→ Task details
Apart from the pictures, output all of the records exactly.

→ Source data
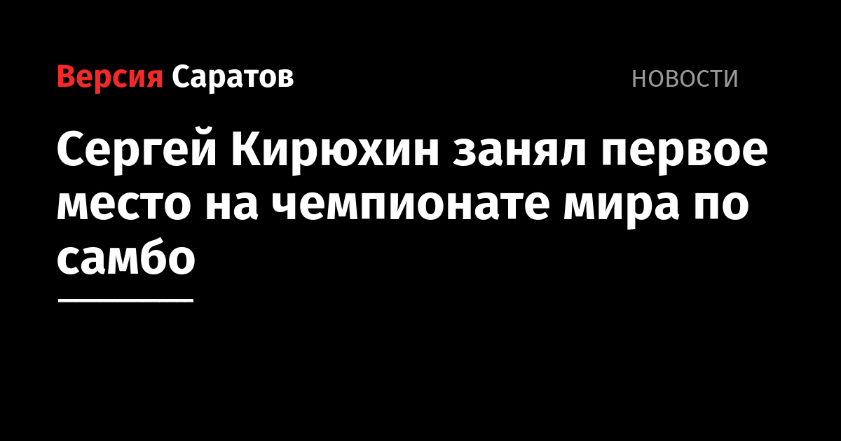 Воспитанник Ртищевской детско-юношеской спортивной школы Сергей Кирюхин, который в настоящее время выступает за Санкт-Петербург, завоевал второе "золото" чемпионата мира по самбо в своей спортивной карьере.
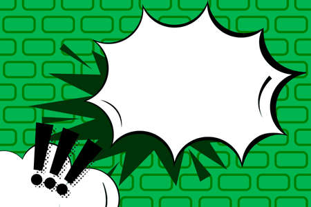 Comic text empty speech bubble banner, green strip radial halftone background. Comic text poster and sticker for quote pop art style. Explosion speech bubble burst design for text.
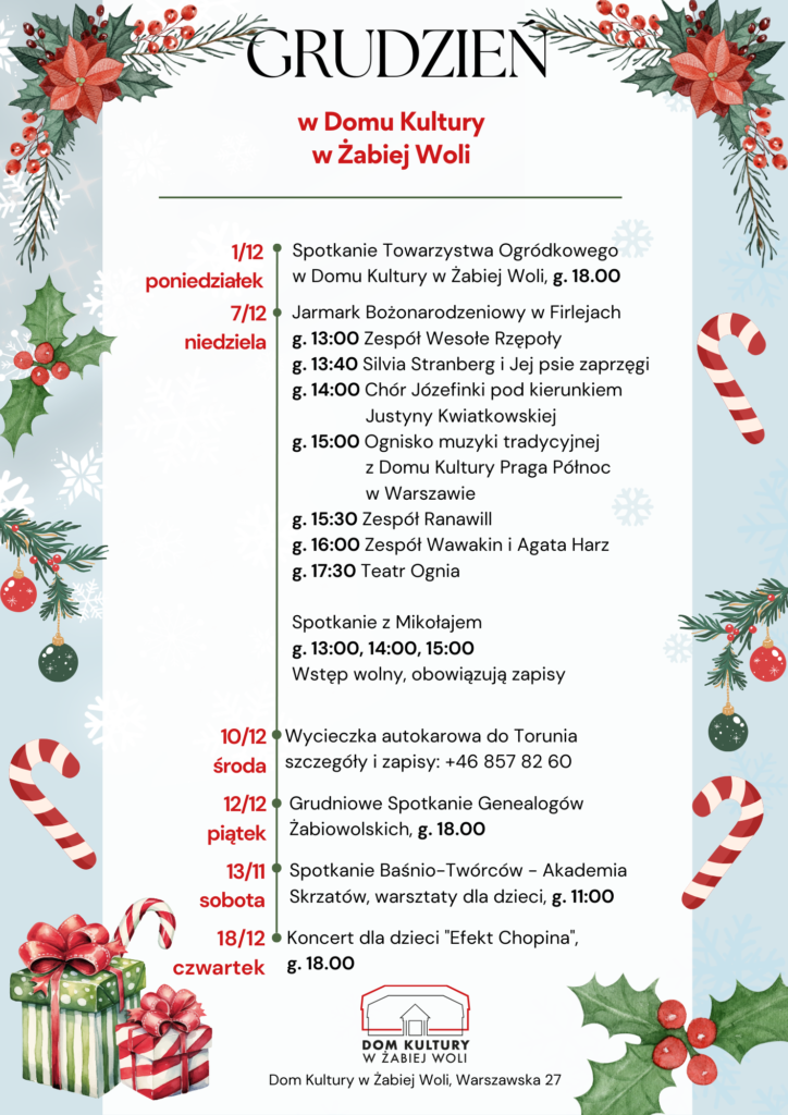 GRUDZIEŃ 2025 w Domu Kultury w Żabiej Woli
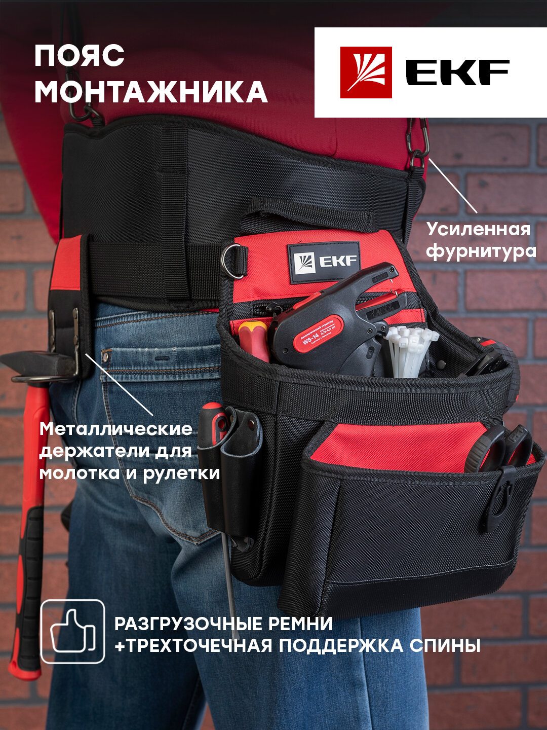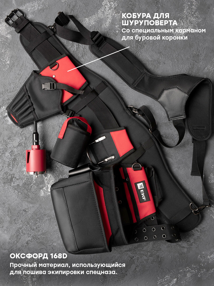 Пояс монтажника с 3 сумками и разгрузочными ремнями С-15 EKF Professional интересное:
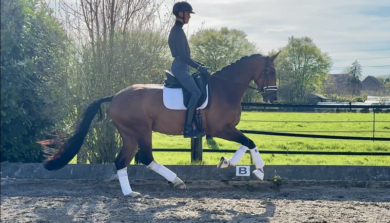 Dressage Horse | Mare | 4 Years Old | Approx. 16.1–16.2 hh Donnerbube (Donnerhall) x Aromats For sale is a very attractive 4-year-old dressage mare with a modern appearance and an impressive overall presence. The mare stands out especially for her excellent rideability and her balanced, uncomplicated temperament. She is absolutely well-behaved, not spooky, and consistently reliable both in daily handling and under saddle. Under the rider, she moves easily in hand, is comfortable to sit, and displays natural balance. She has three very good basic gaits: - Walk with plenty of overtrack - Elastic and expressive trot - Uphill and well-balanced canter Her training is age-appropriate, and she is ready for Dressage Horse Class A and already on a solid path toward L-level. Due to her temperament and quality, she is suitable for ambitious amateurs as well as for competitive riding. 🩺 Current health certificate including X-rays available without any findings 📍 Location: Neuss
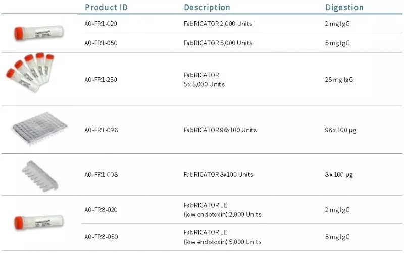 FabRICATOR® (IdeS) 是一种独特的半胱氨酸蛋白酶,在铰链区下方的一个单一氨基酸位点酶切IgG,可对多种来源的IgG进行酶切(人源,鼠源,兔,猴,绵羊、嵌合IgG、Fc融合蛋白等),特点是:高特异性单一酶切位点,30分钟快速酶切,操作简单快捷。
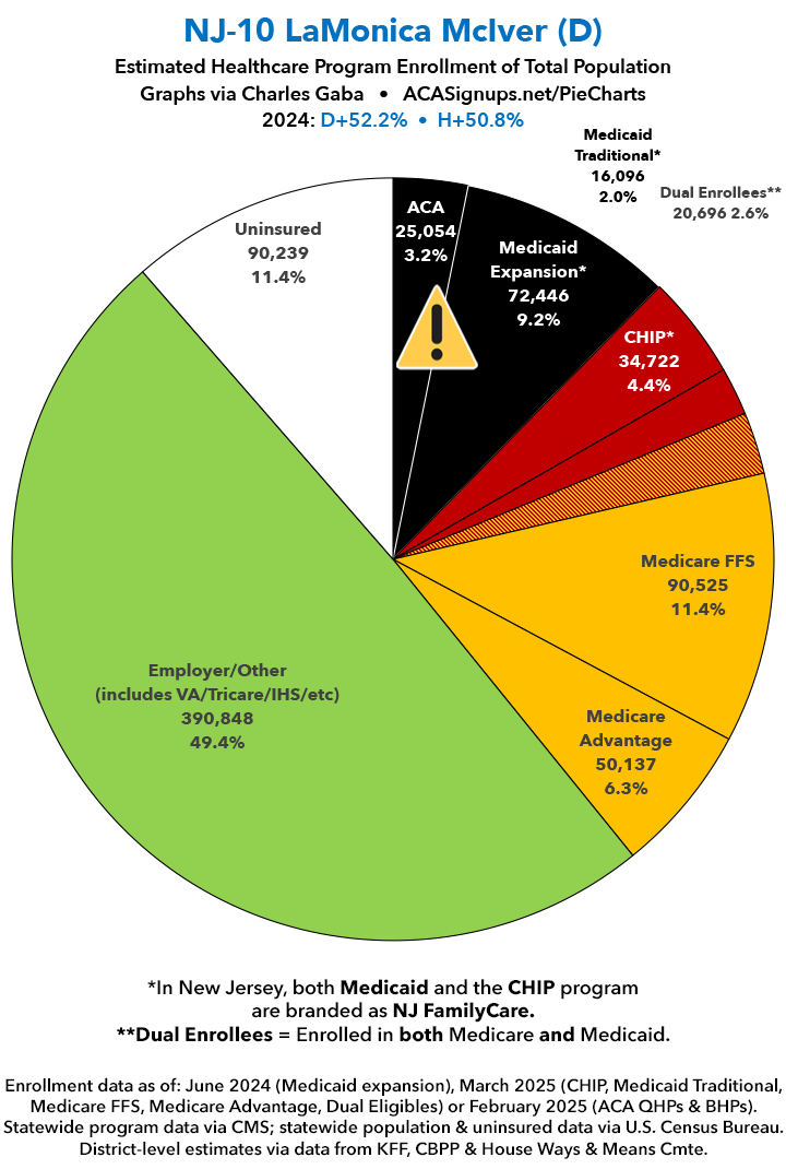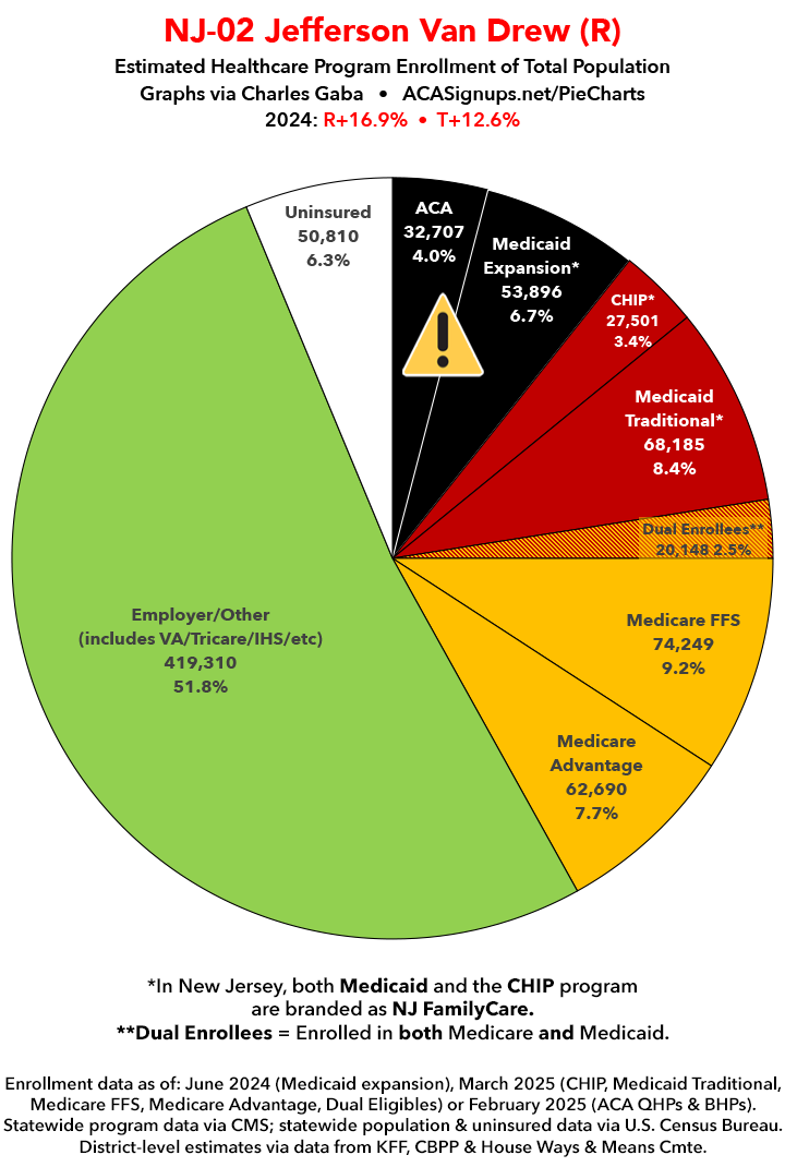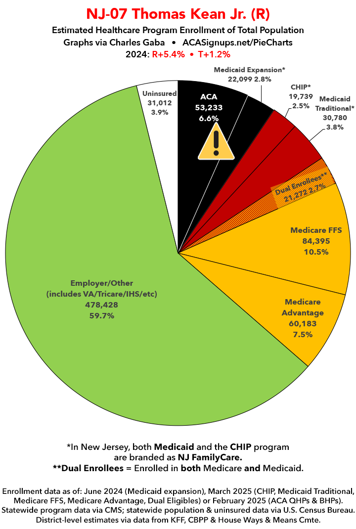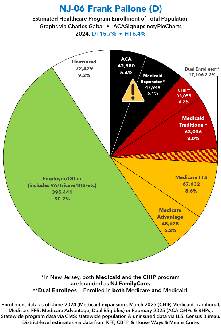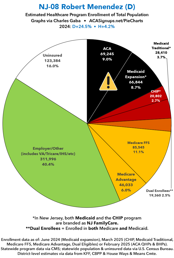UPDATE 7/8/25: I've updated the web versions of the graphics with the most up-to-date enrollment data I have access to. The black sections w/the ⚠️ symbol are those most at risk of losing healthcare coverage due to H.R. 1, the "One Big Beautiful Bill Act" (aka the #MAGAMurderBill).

→ Written answer
 Воспитанник Ртищевской детско-юношеской спортивной школы Сергей Кирюхин, который в настоящее время выступает за Санкт-Петербург, завоевал второе "золото" чемпионата мира по самбо в своей спортивной карьере.
 Comic text empty speech bubble banner, green strip radial halftone background. Comic text poster and sticker for quote pop art style. Explosion speech bubble burst design for text.
 GRUDZIEŃ 2025 w Domu Kultury w Żabiej Woli
 Пояс монтажника с 3 сумками и разгрузочными ремнями С-15 EKF Professional интересное:
 Dressage Horse | Mare | 4 Years Old | Approx. 16.1–16.2 hh Donnerbube (Donnerhall) x Aromats For sale is a very attractive 4-year-old dressage mare with a modern appearance and an impressive overall presence. The mare stands out especially for her excellent rideability and her balanced, uncomplicated temperament. She is absolutely well-behaved, not spooky, and consistently reliable both in daily handling and under saddle. Under the rider, she moves easily in hand, is comfortable to sit, and displays natural balance. She has three very good basic gaits: - Walk with plenty of overtrack - Elastic and expressive trot - Uphill and well-balanced canter Her training is age-appropriate, and she is ready for Dressage Horse Class A and already on a solid path toward L-level. Due to her temperament and quality, she is suitable for ambitious amateurs as well as for competitive riding. 🩺 Current health certificate including X-rays available without any findings 📍 Location: Neuss
 FabRICATOR® (IdeS) 是一种独特的半胱氨酸蛋白酶,在铰链区下方的一个单一氨基酸位点酶切IgG,可对多种来源的IgG进行酶切(人源,鼠源,兔,猴,绵羊、嵌合IgG、Fc融合蛋白等),特点是:高特异性单一酶切位点,30分钟快速酶切,操作简单快捷。
UPDATE 7/8/25: I've updated the web versions of the graphics with the most up-to-date enrollment data I have access to. The black sections w/the ⚠️ symbol are those most at risk of losing healthcare coverage due to H.R. 1, the "One Big Beautiful Bill Act" (aka the #MAGAMurderBill).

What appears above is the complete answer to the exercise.